If you’ve been watching the Olympics, you’ve seen torrents of sweat. Elite athletes sweat sooner and more copiously than couch-potatoes, Sarah Everts reports in The Joy of Sweat: The Strange Science of Perspiration. Their bodies anticipate and compensate for exercise-induced high core temperatures. Though “sticky, stinky, and gross,” Everts says, “sweat is among our most fascinating secretions.”

Alison Pearce Stevens—Rhinos in Nebraska: The Amazing Discovery of the Ashfall Fossil Beds

Twelve million years ago, rhinos, elephants, camels, and saber-toothed deer roamed the ancient savanna we now call Nebraska, gathering at watering holes. The explosion of a supervolcano in present-day Idaho 1,000 miles away sent a blanket of ash that buried hundreds of animals for millennia. In Rhinos in Nebraska, Alison Pearce Stevens tells the story of their discovery and continuing excavation.
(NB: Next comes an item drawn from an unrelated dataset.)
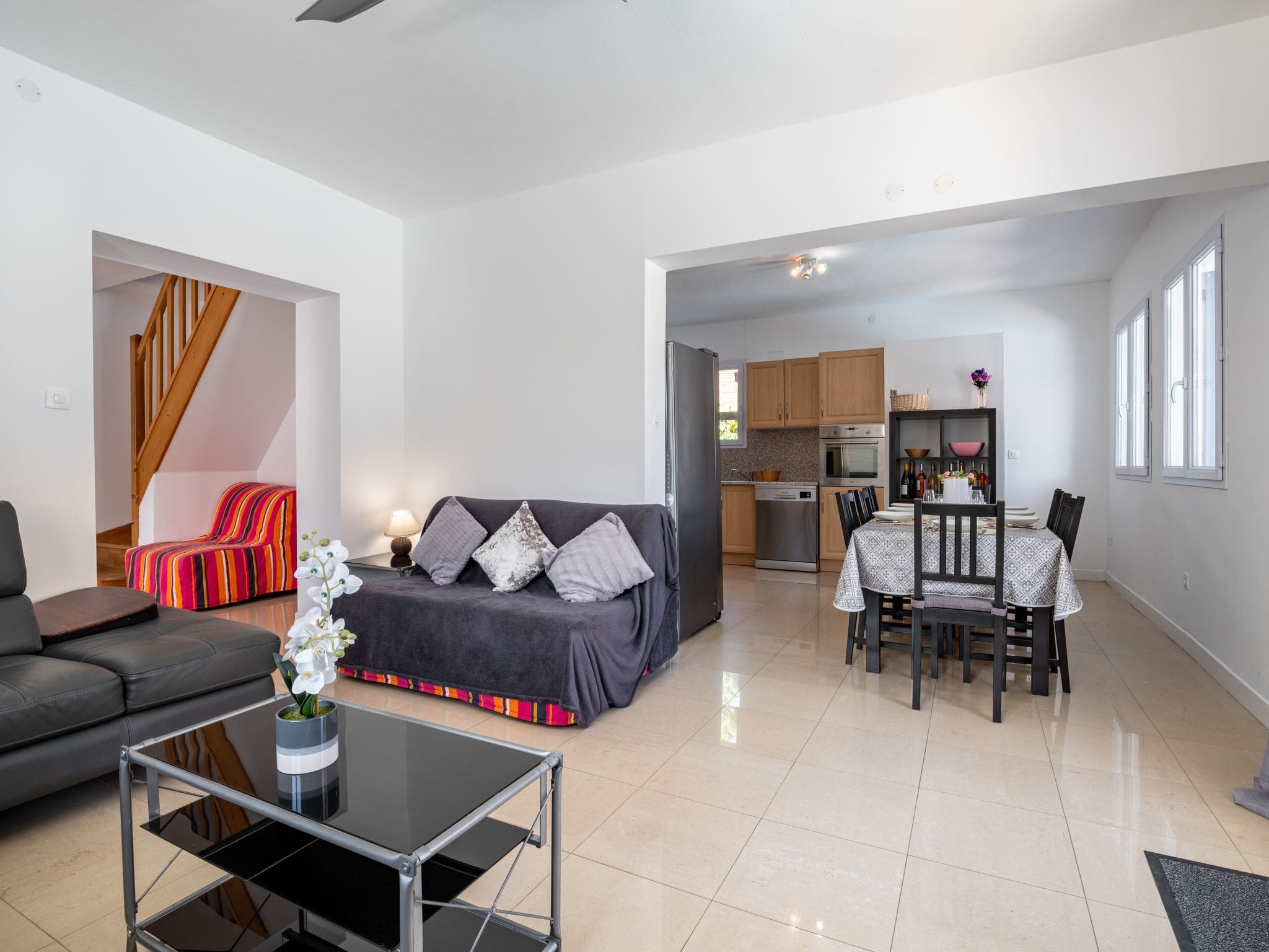 Spread across two elegant levels, this 130-square-metre villa presents a masterful blend of practical design and sophisticated style. The ground floor welcomes you with an expansive living and dining area, seamlessly flowing onto a magnificent west-facing terrace that captures the golden Mediterranean light throughout the day. The fully equipped kitchen features premium appliances including dishwasher, microwave, and electric coffee machine, ensuring effortless meal preparation. A comfortable double bedroom with fan and shower room complete the ground floor accommodation.

Melinda Wenner Moyer—How To Raise Kids Who Aren’t Assholes

In various surveys, parents rate kindness as the quality they most want to instill in children. But how? Bullying, racism, sexism, and school violence can’t be ignored. Melinda Wenner Moyer explored academic research and talked to educators and parenting experts. She shares her findings in How To Raise Kids Who Aren’t Assholes: Science-Based Strategies for Better Parenting—From Tots to Teens.

Cynthia Barnett—The Sound of the Sea: Seashells and the Fate of the Oceans

Seashells are the work of marine mollusks, the most diverse group of animals in the oceans, with the longest evolutionary history of species living today, Cynthia Barnett reports in The Sound of the Sea: Seashells and the Fate of the Oceans. Mollusks famously clean up the water around them, she notes. How long can they survive if they keep consuming chemical contaminants and microplastic fibers?

Erika Engelhaupt—Gory Details: Adventures from the Dark Side of Science

Would you eat a fried cicada? Drink your own urine? Try on a Nazi officer’s hat? In Gory Details: Adventures from the Dark Side of Science, Erika Engelhaupt explores topics she first found off-putting but later sought to understand. “Nature is often gross,” she says. “If we could be more thoughtful about what disgusts us and why, we might even learn to be a little more tolerant of one another.”

Leila Belkora—Minding the Heavens: The Story of Our Discovery of the Milky Way

Knowledge of our galaxy is advancing rapidly. Astronomers can collect and analyze data on stars and other celestial objects simultaneously and combine data from ground-based & space-based instruments, Leila Belkora reports in Minding the Heavens—The Story of Our Discovery of the Milky Way. Astronomy enthusiasts can participate via citizen science projects. Some even have home observatories.